Os meios de comunicação estatais russos mal mencionaram a reivindicação de responsabilidade feita por um ramo do ISIS. Autoridades dos Estados Unidos disseram que a atrocidade foi obra do Estado Islâmico Khorasan, ou ISIS-K, uma ramificação do grupo que atua no Paquistão, Afeganistão e Irã.
Maria V. Zakharova, porta-voz do Ministério das Relações Exteriores da Rússia, disse no domingo, que o Ocidente apontava para o ISIS, a fim de transferir a culpa para a Ucrânia.
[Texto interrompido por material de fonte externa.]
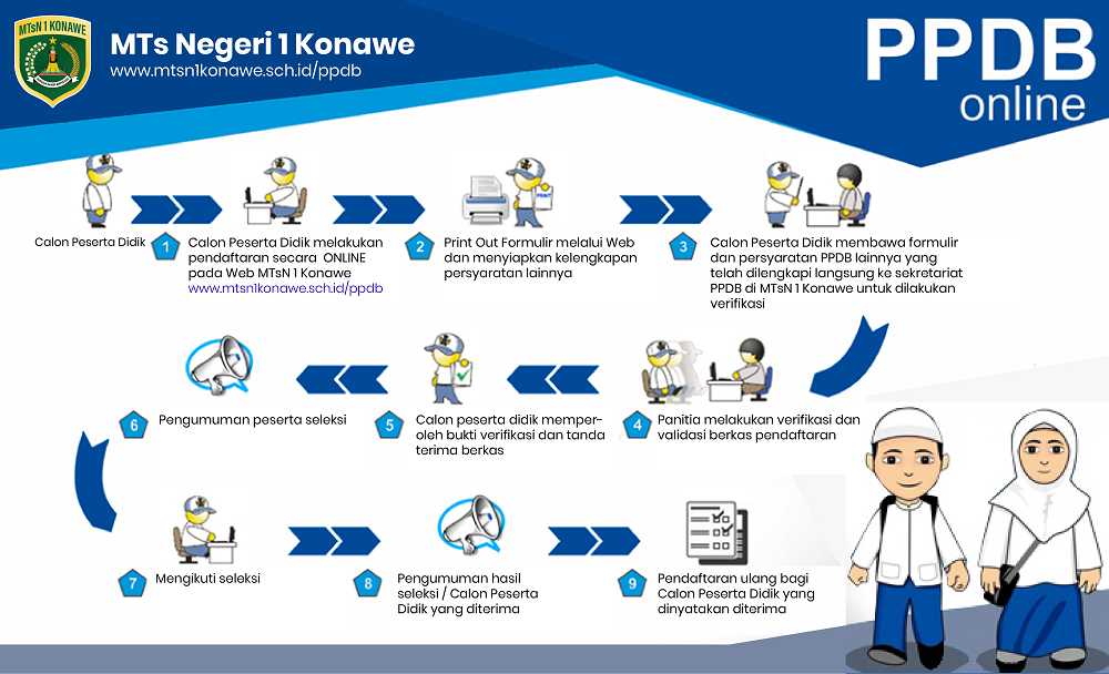 5. Formulir yang telah diprint out dan ditandatangani serta syarat pendaftaran lainnya diserahkan langsung ke Panitia di Sekretariat PPDB di MTsN 1 Konawe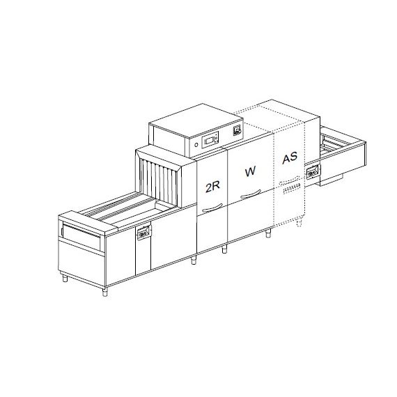 5100x985x1860/2200 мм, 380В, 39 кВт, AS6 - легкая предмойка с фильтром, DDE - дозатор моющих и ополас. средств, корпус нерж AISI 304, стандартная пальчиковая лента, DRF69 - сушка-консоль (9 кВт), HRF10 - компакт. теплорекуператор: для подключения к холодной воде (потреб. энергии, t и влажн. воздуха в помещен. ниже, чем при доп. мощности), ополаскивание усиленное 2+ (расход воды 190 л/час), деление на 2 части. ВЫБРАТЬ НАПРАВЛЕНИЕ ПРИ ЗАКАЗЕ!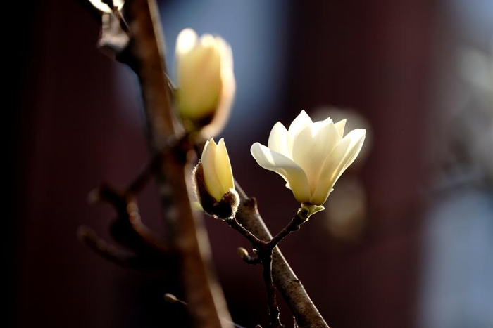 玉兰、紫玉兰杂交而成的园艺品种,有一个很好听的名字叫“二乔玉兰”。“二乔玉兰取名自古代美人大乔小乔之名,玉兰花落之时,二乔玉兰便登场了,就好像玉兰完成了探春的使命,二乔款款而至。”莫非说。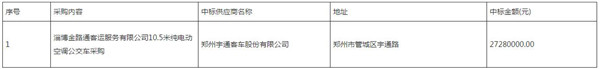 山东淄博金路通客运服务有限公司10.5米纯电动空调公交车采购项目中标公告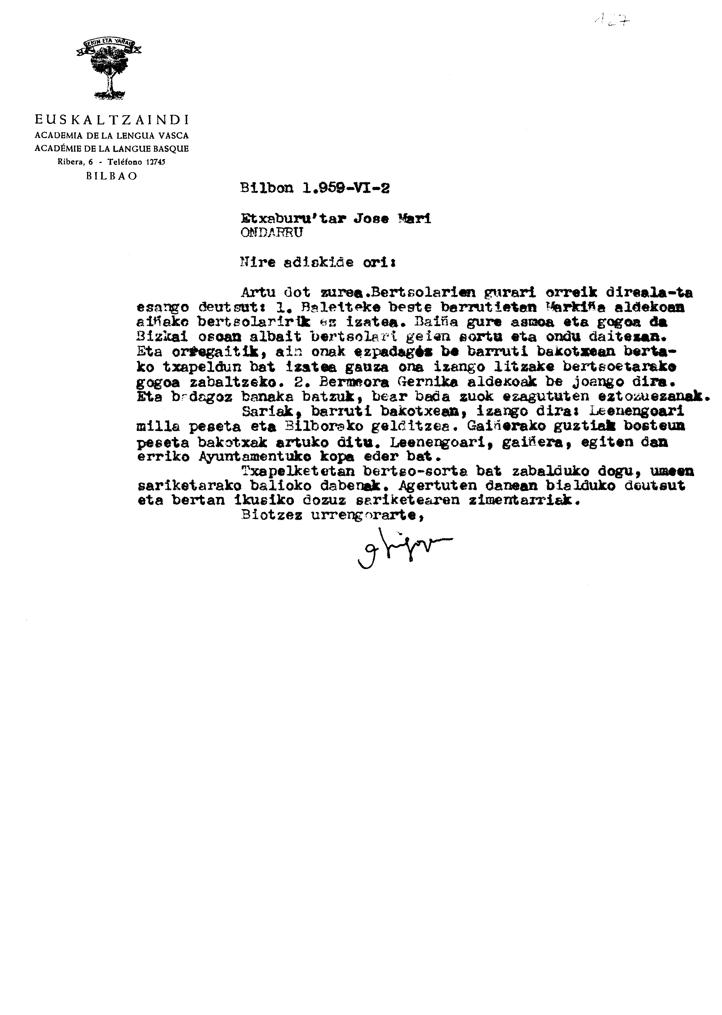 Alfonso Irigoienen Artxiboa > Euskaltzaindia > Bertsolaritza

A Rússia não apresentou qualquer prova do envolvimento da Ucrânia no ataque. As autoridades ucranianas ridicularizaram as acusações russas e as autoridades norte-americanas também disseram que não há indicação de que Kiev tenha desempenhado qualquer papel.
“Não há nenhuma evidência – e, de fato, o que sabemos ser o caso é que o ISIS-K é, na verdade, segundo todos os relatos, responsável pelo que aconteceu”, disse a vice-presidente Kamala Harris no domingo, quando questionada no programa da ABC “This Week” se os Estados Unidos tinham provas de que a Ucrânia estava ligada ao ataque à sala de concertos.
Alguns comentadores criticaram os serviços de segurança russos por não terem conseguido evitar a tragédia. No sábado, a agência de notícias estatal Tass relatadocitando uma fonte dos serviços especiais russos, que tinham recebido um aviso dos Estados Unidos, mas que era “amplo, sem qualquer informação concreta”.